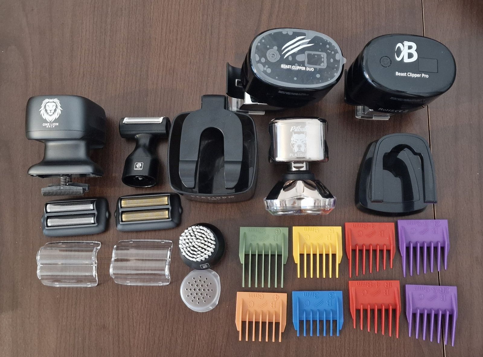I am new to the pitbull skull shaver brand, I purchased the Beast Duo and the Beast Pro versions of the hair clippers to give me the ability to cut my own hair which is very easy to do using the clippers. The clippers are supplied with various combs both for different lengths as well as side combs (never had these before in a set of hair clippers). I now own the items shown in the photo (few duplicate extra accessories not shown) as well as the recently ordered palm shaver and protective storage case in Blue as the silver coloured version is still out of stock. Beast Clipper Duo and Pro shown at the top of the photo with the various comb attachments lower bottom of the photo. ** The other items in the photo are purchased separately **
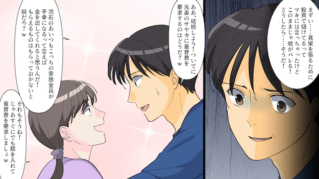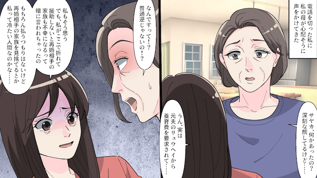 主人公を心配した母は「私に任せてちょうだい!」と言い、助っ人を呼んでくれました。 その助っ人とは再婚相手の母親で、話し合った結果、一緒に元夫と再婚相手に反撃することになったのです。
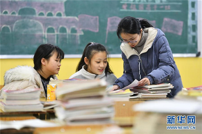 12月5日,在廣西融水苗族自治縣民族中學(xué),胡欣怡(右)在給學(xué)生輔導(dǎo)功課。胡欣怡是西北工業(yè)大學(xué)的在讀碩士研究生,今年9月來(lái)到融水苗族自治縣民族中學(xué),擔(dān)任語(yǔ)文老師。 新華社記者 黃孝邦 攝
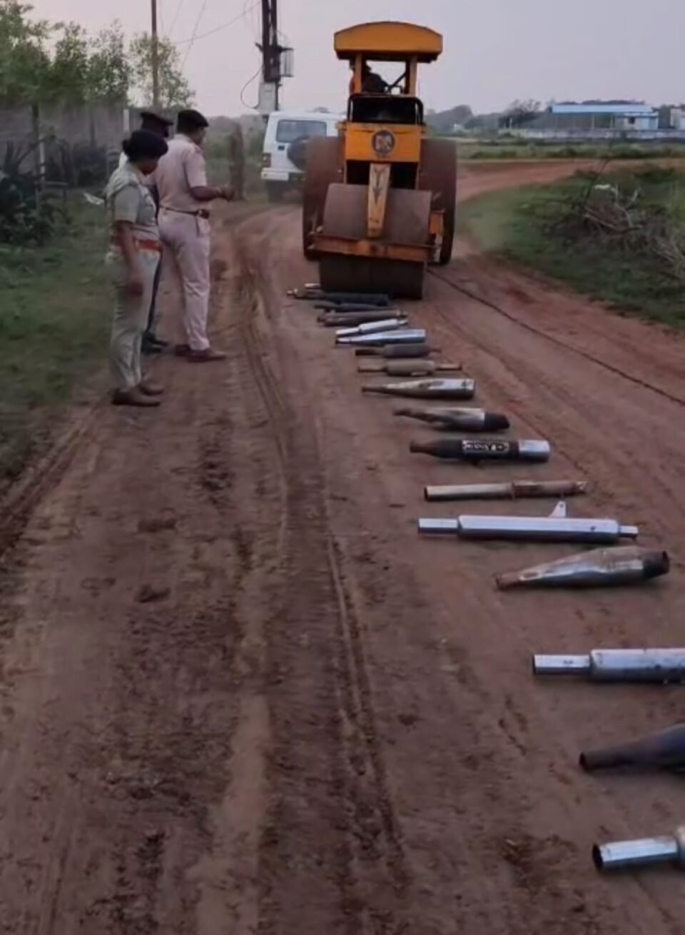 धमतरी/धमतरी पुलिस ने यातायात शाखा के विशेष अभियान के तहत बड़ी कार्रवाई करते हुए लगाए गए अवैध मोडिफाईड सायलेंसरों पर शिकंजा कसा। पुलिस ने 50 से अधिक बुलेट मोटरसायकल से मोडिफाईड सायलेंसर जब्त किए और उन्हें थाने परिसर में रोड रोलर चलाकर सार्वजनिक रूप से नष्ट कर दिया।
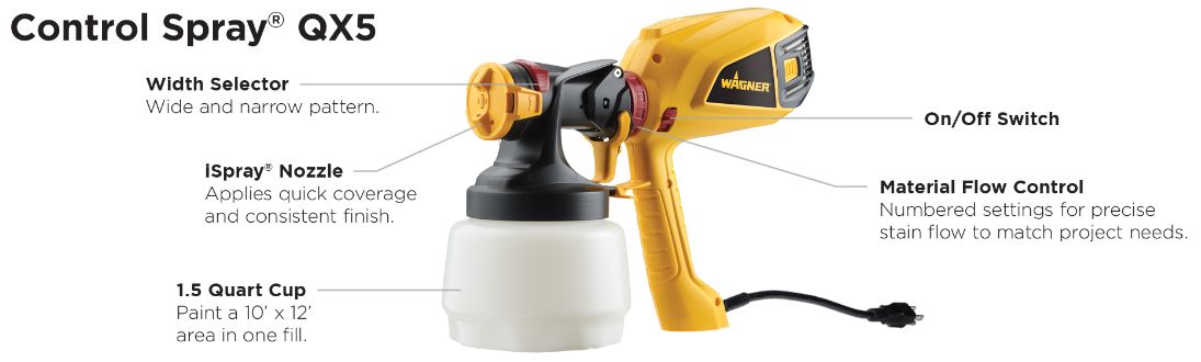 The Control Spray QX5 paint sprayer applies a smooth, consistent finish 5X faster than a brush with no brush marks. It’s ideal for a variety of medium sized projects including spraying sheds, garages, fences, outdoor furniture, and more.
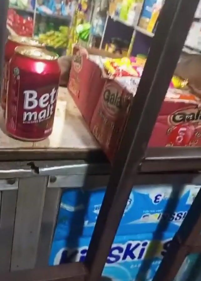 A brief video shows a small convenience store
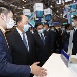 Chefe do Executivo, Ho Iat Seng e convidados visitam a "Beyond International Technology Innovation Expo".
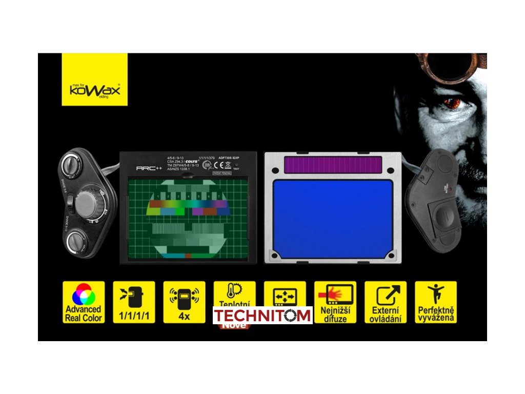 - Nejvyšší optická kvalita filtru 1/1/1/1 EN379, i v této specifikaci jsou mezi jednotlivými produkty na trhu značně rozdíly. KOWAX překonává světovou konkurenci a definuje novou úroveň optického komfortu pro svářeče díky o řád lepším výsledkům v difuzi světla přes ztmavený filtr (druhé číslo ve specifikaci dle EN379 – rozostření – viz. naznačeno zde), tato hodnota je zcela zásadní pro optický komfort při svařování. Vaše oči musí méně doostřovat, což má za následek méně unavené oči, menší sklony k bolení hlavy atd. Poznáte rozdíl.
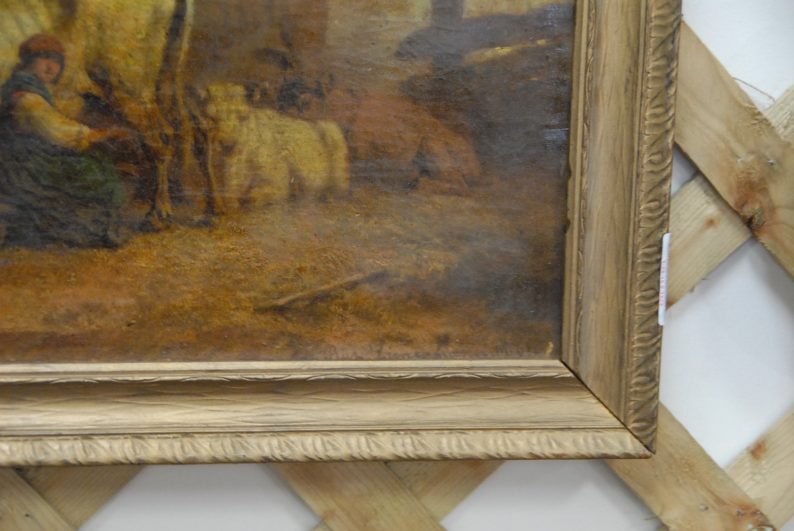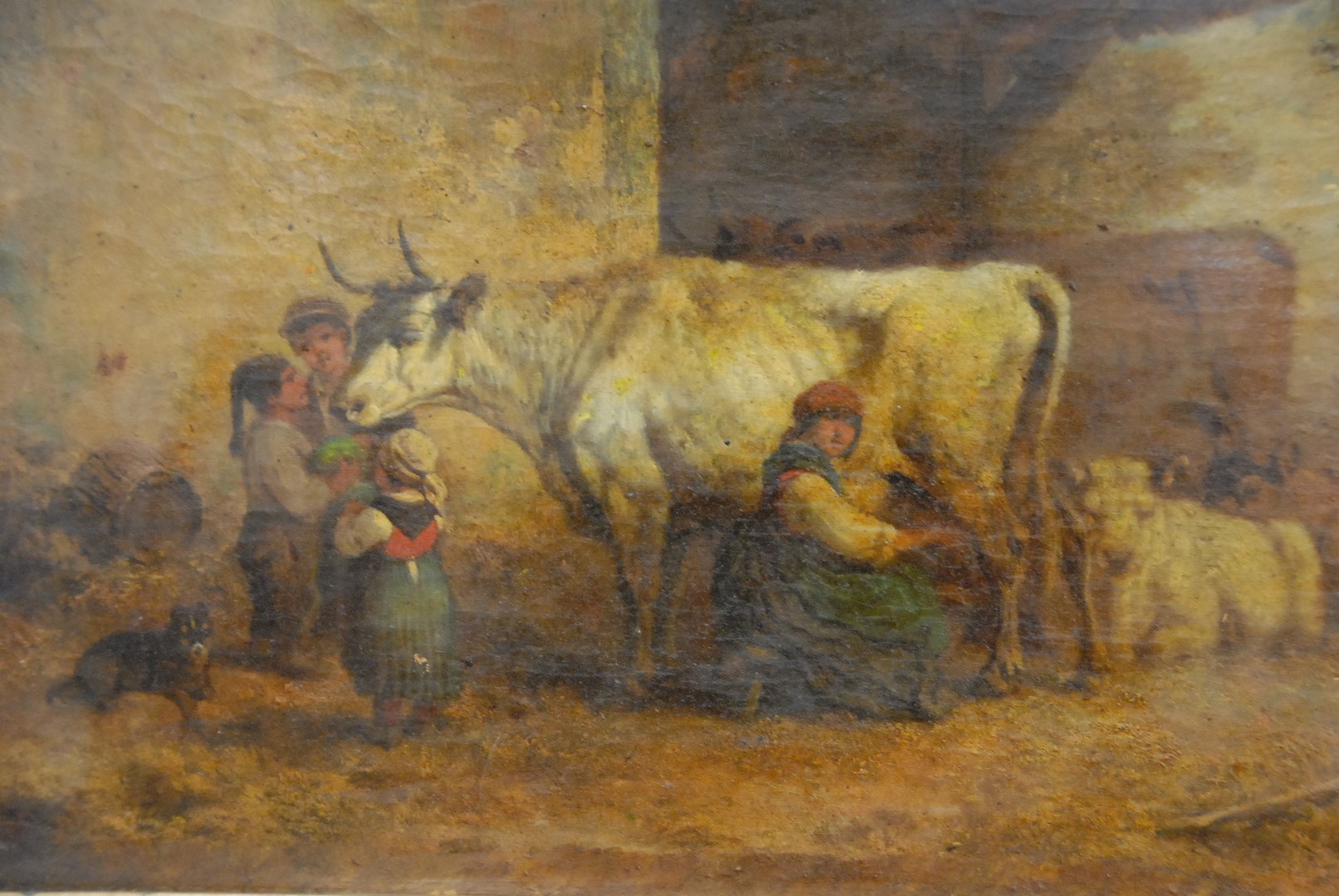 Lot 174: Rus Zimermann interior barn scene with cows, oil on canvas singed lower right Rus Zimermann. 11 x 17
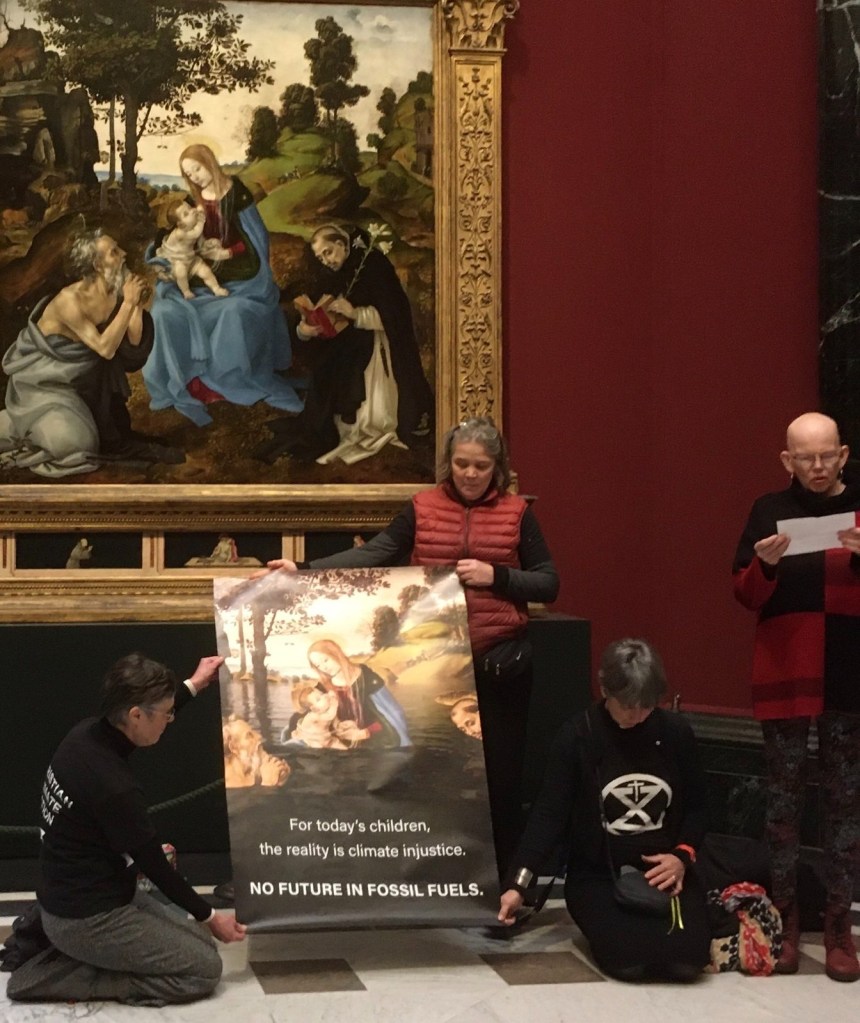 Five women today held a nativity-themed climate change protest inside the National Gallery in London. The members of Christian Climate Action stood in front of a 15th-century Filippino Lippi painting of the Virgin and Child which depicts Mary seated in a landscape feeding Jesus. They held a poster of the painting altered to show a climate-ravaged landscape and handed out postcards with this image and some facts about the impact of the climate crisis on the world’s children.
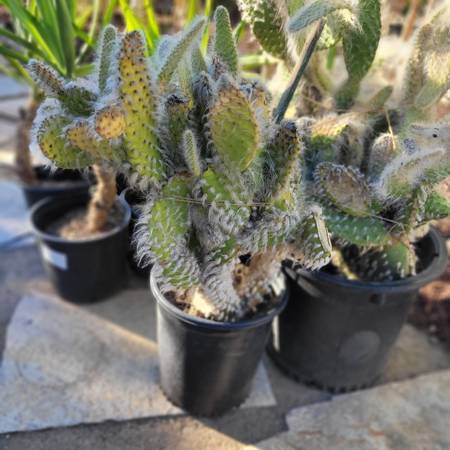 Hello, Large leafed opuntia Erinacea Ursine Snow!! I only have 2 and both are in 15 gallon containers and HUGE!!! All plants are well rooted and ready for your garden. Please set an appointment- day...
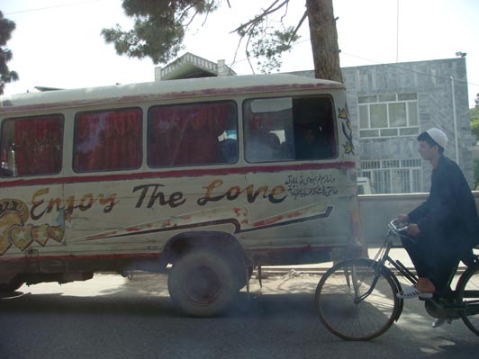 Wonderful Afghan juxtapositions or admixtures. A bus in Herat with a slogan from the days when hippies visited Afghanistan.
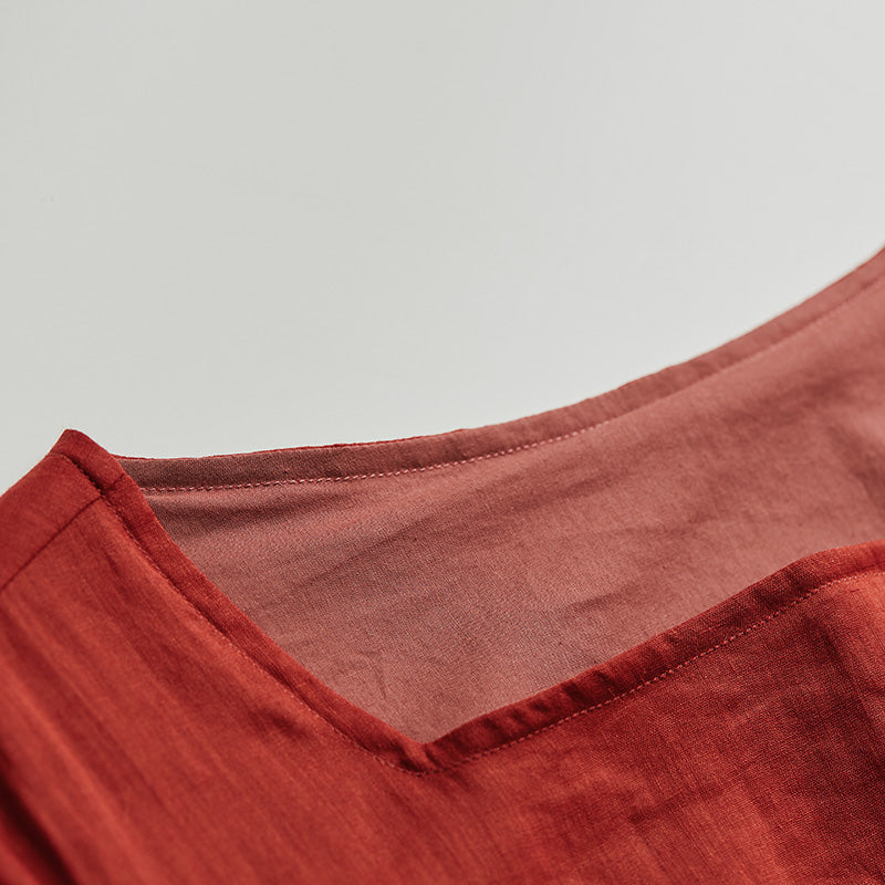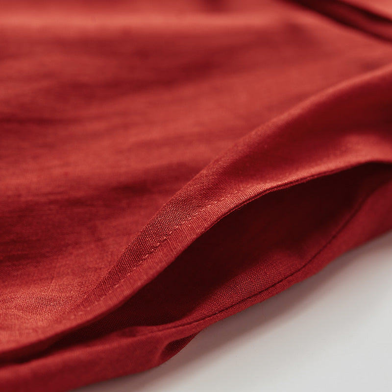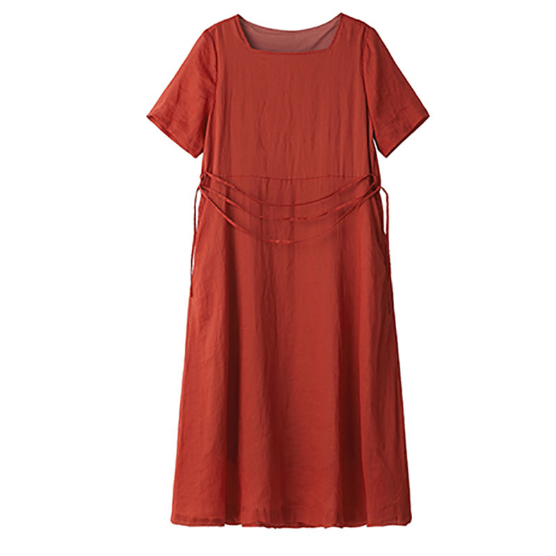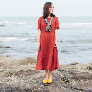 Red 100% Linen Women Dresses 3/4 Sleeves O Neck Spring Summer Women Dresses XH9631

________

**Try it**
Nothing but the lines above from the one that has "主人公を心配した母は「私に任" down to the one that has "Chefe do Executivo, Ho" belongs in the answer, copied exactly, without pictures.

**Answer to the exercise**
 主人公を心配した母は「私に任せてちょうだい!」と言い、助っ人を呼んでくれました。 その助っ人とは再婚相手の母親で、話し合った結果、一緒に元夫と再婚相手に反撃することになったのです。
 12月5日,在廣西融水苗族自治縣民族中學(xué),胡欣怡(右)在給學(xué)生輔導(dǎo)功課。胡欣怡是西北工業(yè)大學(xué)的在讀碩士研究生,今年9月來(lái)到融水苗族自治縣民族中學(xué),擔(dān)任語(yǔ)文老師。 新華社記者 黃孝邦 攝
 धमतरी/धमतरी पुलिस ने यातायात शाखा के विशेष अभियान के तहत बड़ी कार्रवाई करते हुए लगाए गए अवैध मोडिफाईड सायलेंसरों पर शिकंजा कसा। पुलिस ने 50 से अधिक बुलेट मोटरसायकल से मोडिफाईड सायलेंसर जब्त किए और उन्हें थाने परिसर में रोड रोलर चलाकर सार्वजनिक रूप से नष्ट कर दिया।
 The Control Spray QX5 paint sprayer applies a smooth, consistent finish 5X faster than a brush with no brush marks. It’s ideal for a variety of medium sized projects including spraying sheds, garages, fences, outdoor furniture, and more.
 A brief video shows a small convenience store
 Chefe do Executivo, Ho Iat Seng e convidados visitam a "Beyond International Technology Innovation Expo".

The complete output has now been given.